Se llamaba Elena, aunque en un lugar como ese los nombres se volvían irrelevantes, como si se hubieran dejado colgados en la entrada junto con los abrigos.
Había sido una buena convocatoria, hubo una gran cantidad de jóvenes, la mayoría mujeres. Los retiros se habían convertido en una moda, cualquiera podría convocar gente a pasar un fin de semana entre extraños en el lugar más recóndito. El domo central, de madera oscura y su techo en forma de cúpula, parecía irradiar una paz artificial. Allí se medía el tiempo por cantos suaves, respiraciones profundas y charlas sobre “renovación interior”. Afuera, el bosque envolvía el escenario con un verde demasiado perfecto, como si estuviera pintado para un folleto turístico, como una pintura realista: Tonos verde oscuro, más vívidos, unos pocos marrones de hojas quemadas por el calor del Sol, pero que aun así le daban el toque al follaje – casi – monocromático.

Los días transcurrieron entre comidas “sagradas” preparadas con hierbas locales, ejercicios de meditación, caminatas por circuitos infinitos.

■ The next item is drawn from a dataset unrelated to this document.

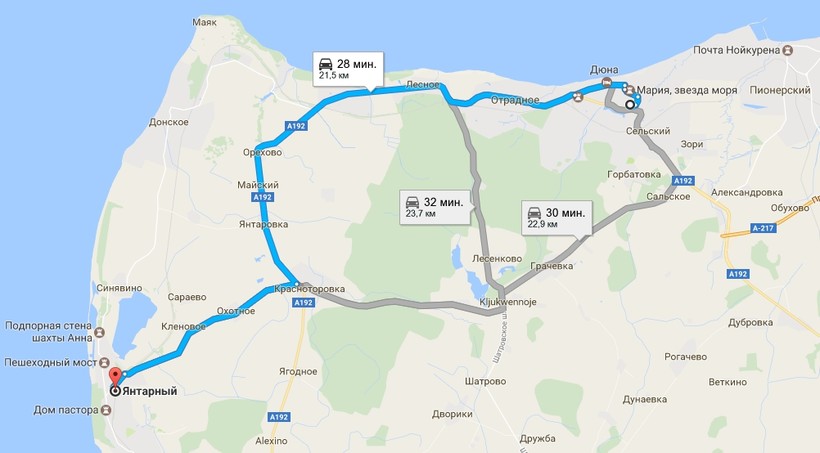 Я подробно описывала поездку на автомобиле в Светлогорск здесь. В Янтарный едем аналогично, через Светлогорск. Расстояние от Светлогорска до Янтарного составляет 20 км. Поездка займет приблизительно полчаса.

Las risas eran frecuentes, pero Elena percibía en ellas un matiz extraño: sonaban todas iguales, como ecos repetidos. A veces observaba a las cocineras o a las instructoras apartarse en silencio, murmurando entre dientes, y esa complicidad la dejaba intranquila. Quizás era su paranoia, su ansiedad de pasar del caos de la gran ciudad donde todos juzgan, incluso con una simple mirada, a estar en un paraíso de naturaleza y paz.

En esta isla se trasladan en carritos de golf! Pensó asombrada.

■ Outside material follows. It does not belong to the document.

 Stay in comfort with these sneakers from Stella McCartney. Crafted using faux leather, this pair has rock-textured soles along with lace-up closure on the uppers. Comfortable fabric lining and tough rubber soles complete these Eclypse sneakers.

Era como una pequeña ciudad, pero con un ritmo poco habitual para la mayoría de los jóvenes que se acercaban a sus primeros retiros.

Cuando llegó la hora de irse, el movimiento se aceleró. Los carritos de golf iban y venían desde la puerta principal, cargados siempre de mujeres sonrientes. Había un entusiasmo excesivo en sus despedidas, como si todas compartieran una certeza repentina de que sus vidas cambiarían. Elena notaba detalles que otros ignoraban: la forma en que algunos empleados daban instrucciones a las jóvenes que estaban por partir, pidiéndoles que se vistieran de manera elegante para el reencuentro con sus familias. La escena le pareció un teatro demasiado ensayado. 

Una secta encubierta”, pensó, aunque no lo dijo en voz alta. Quizás era su cuerpo preparándose para volver a la realidad de la ciudad hambrienta.

Decidió quedarse un día más, pero cuando le llegó el turno de despedir a una amiga, tomó la decisión de colarse en uno de los carritos. Se hizo pasar por otra compañera y se sentó entre tres chicas que no parecían notarlo. Todas se  reían y respiraban el aire cálido del jardín. El camino de tierra se abrió paso entre hectáreas de césped recién cortado; el olor a verano era tan intenso que resultaba casi irreal.

El sol caía fuerte cuando el bosque se despejó y apareció el mar a lo lejos. Elena miró las olas brillar como espejos rotos, y por un instante sintió que el viaje tenía algo de regreso verdadero, de libertad. Sin embargo, no tardó en notar cómo sus compañeras, una por una, fueron cayendo en un sueño profundo. Primero cabeceaban con suavidad, luego quedaron rendidas, sonrientes aún en la inconsciencia

Ella intentó imitarlas.

El carrito llegó al fortín de entrada. Un edificio antiguo y sombrío como una frontera. Sus muros olían a humedad, y los techos, demasiado altos, parecían diseñados para achicar a cualquiera que entrara. Persianas de hierro cerraban los ventanales; la poca luz que se filtraba dibujaba líneas indefinidas sobre las paredes amarillentas.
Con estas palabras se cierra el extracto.